The majority of these companion animals are stolen from people’s back yards or snatched from the streets, and are spirited away on the backs of trucks to be beaten to death in slaughterhouses and restaurants across China. Shenzhen is China’s fifth largest city, so although the dog meat trade is fairly small there compared with the rest of the province, its true significance is that it could inspire a domino effect with other cities following suit. Most people in China don’t eat dog or cat meat, and there is considerable opposition to the trade particularly among younger Chinese people. Although World Health Organization advice is clear, that dogs and cats pose no known coronavirus threat whatsoever, it’s no surprise that attention is turning to this trade at this time because it undoubtedly poses a huge human health risk for other diseases such as rabies, as well as causing immense animal suffering.”
Dr. Teresa M. Telecky, Vice President of the Wildlife Department for Humane Society International, said: “Shenzhen is the first city in the world to take the lessons learned from this pandemic seriously and make the changes needed to avoid another pandemic. People around the world are suffering the impact of this pandemic because of one thing: the wildlife trade. Shenzhen’s bold steps to stop this trade and wildlife consumption is a model for governments around the world to emulate. We urge all governments to follow suit by banning wildlife trade, transport, and consumption for any purpose.”
Shenzhen ban details
Article 2 prohibits the consumption of State protected wild animals and other terrestrial wild animals taken from the wild, as well as captive bred and farmed terrestrial wild species.
Article 3 makes clear that the consumption of “pet” animals such as cats and dogs is not permitted; species that are permitted to be consumed sadly include: pig, cattle, sheep, donkey, rabbit, chicken, duck, goose, pigeon, quail and other livestock animals on the list that are raised for food, as well as aquatic animals who are not banned by other laws or regulations.
Article 8 prohibits the consumption of animals farmed for medicinal purposes.
Article 17 says that the production or marketing (sale) of the above mentioned state protected wild species and their products for consumption purposes will be fined between 150,000 and 200,000 yuan for a value of illegal activity that is under 10,000 yuan; and a fine of between 20 to 30 times the value of an illegal activity that is 10,000 yuan or above. For violations involving other wild animals whose value is less than 10,000 yuan, there will be fines between 100,000 yuan and 150,000 yuan.
Facts about China’s dog meat trade
Thirty million dogs a year are killed across Asia for their meat. There are estimated to be more than 91.49 million dogs and cats kept as pets in China.
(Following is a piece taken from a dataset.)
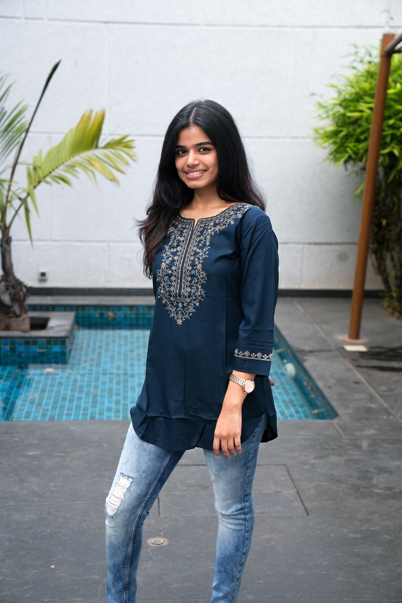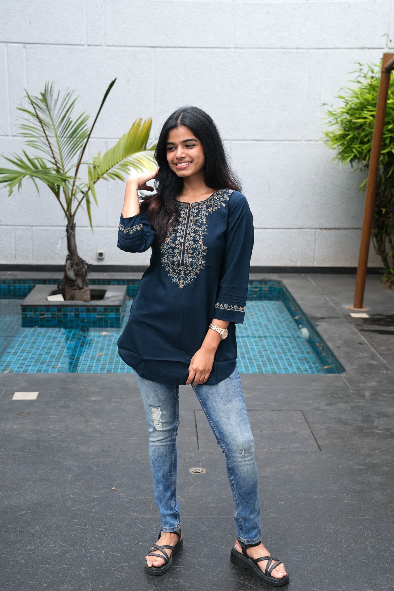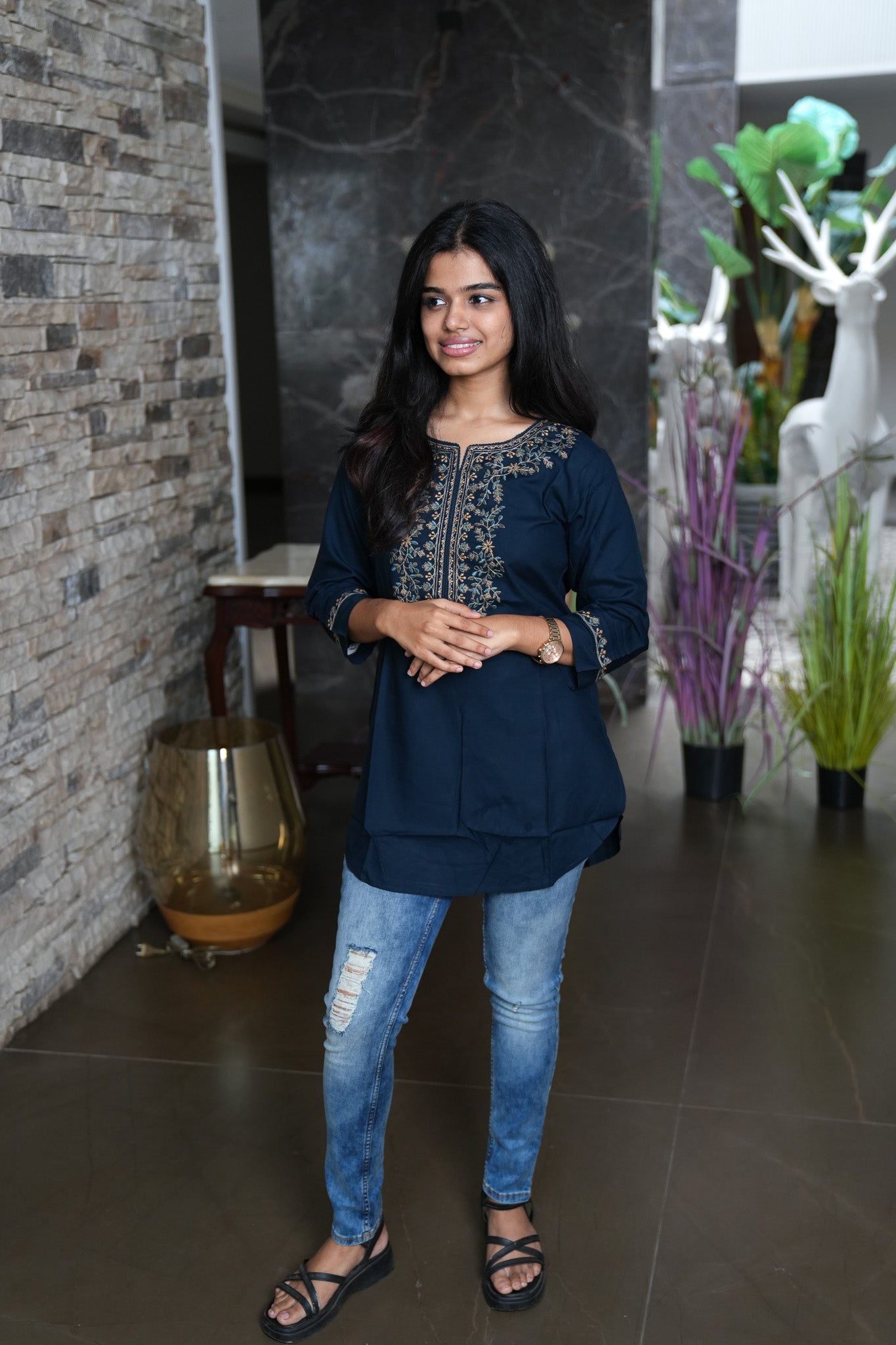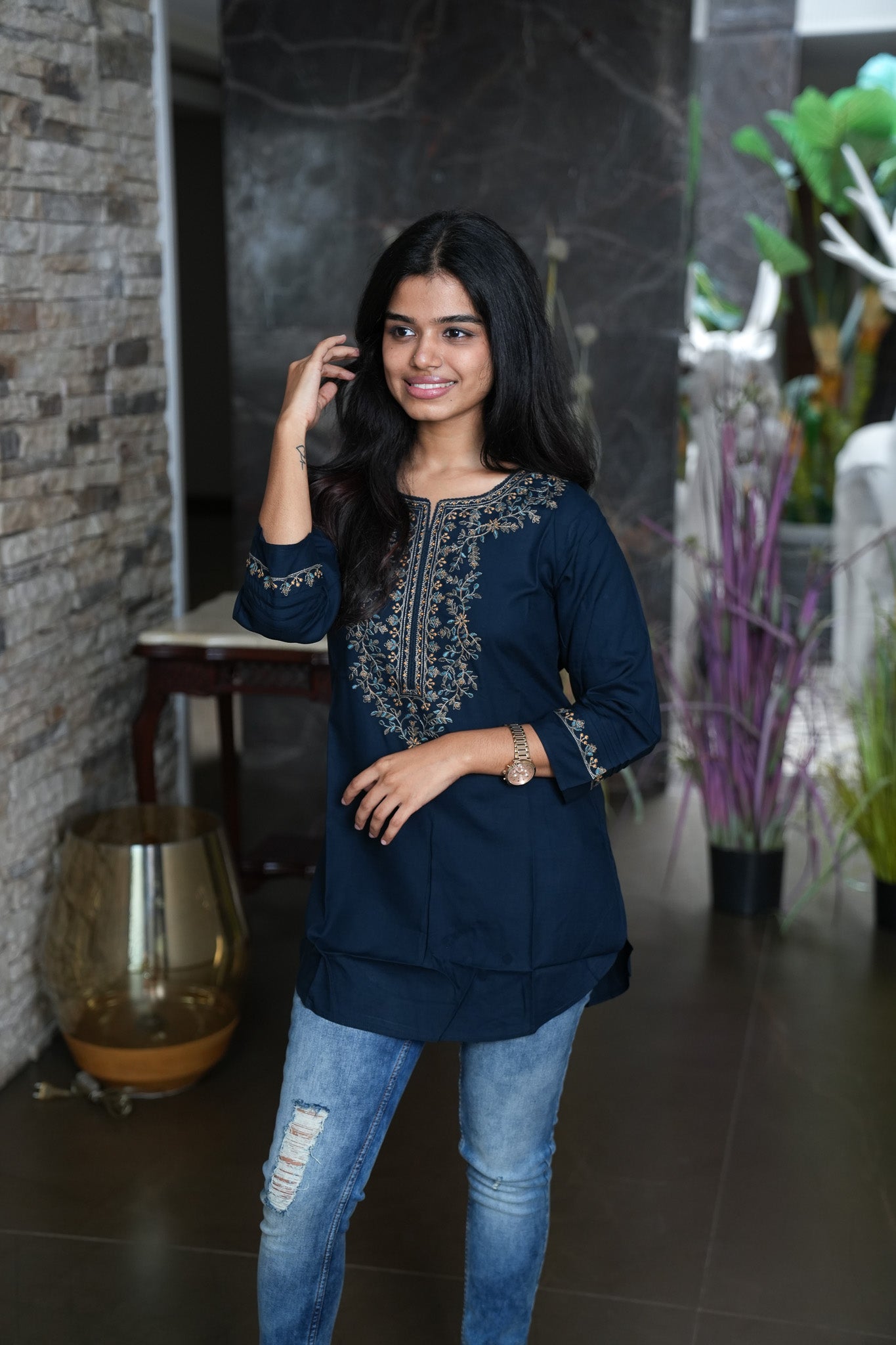 Navy blue hand embroidered cotton top with round neck and elbow length sleeves. These are so chic and comfortable at the same time. Pair it with denim or cotton pants and the look is complete!!

An estimated 10 million dogs a year are killed for China’s dog meat trade.
The World Health Organization warns that the dog trade spreads rabies and increases the risk for cholera.
Most people in China don’t eat dogs, in fact dog meat is only eaten infrequently by less than 20% of the Chinese population. A 2017 survey revealed that even in Yulin, home of the notorious dog meat festival, most people (72%) don’t regularly eat dog meat despite efforts by dog meat traders to promote it. Nationwide across China, a 2016 survey conducted by Chinese polling company Horizon, and commissioned by Chinese group China Animal Welfare Association in collaboration with Humane Society International and Avaaz, found that most Chinese citizens (64%) want to see an end to the Yulin dog meat festival, more than half (51.7%) think the dog meat trade should be completely banned, and the majority (69.5%) have never eaten dog meat.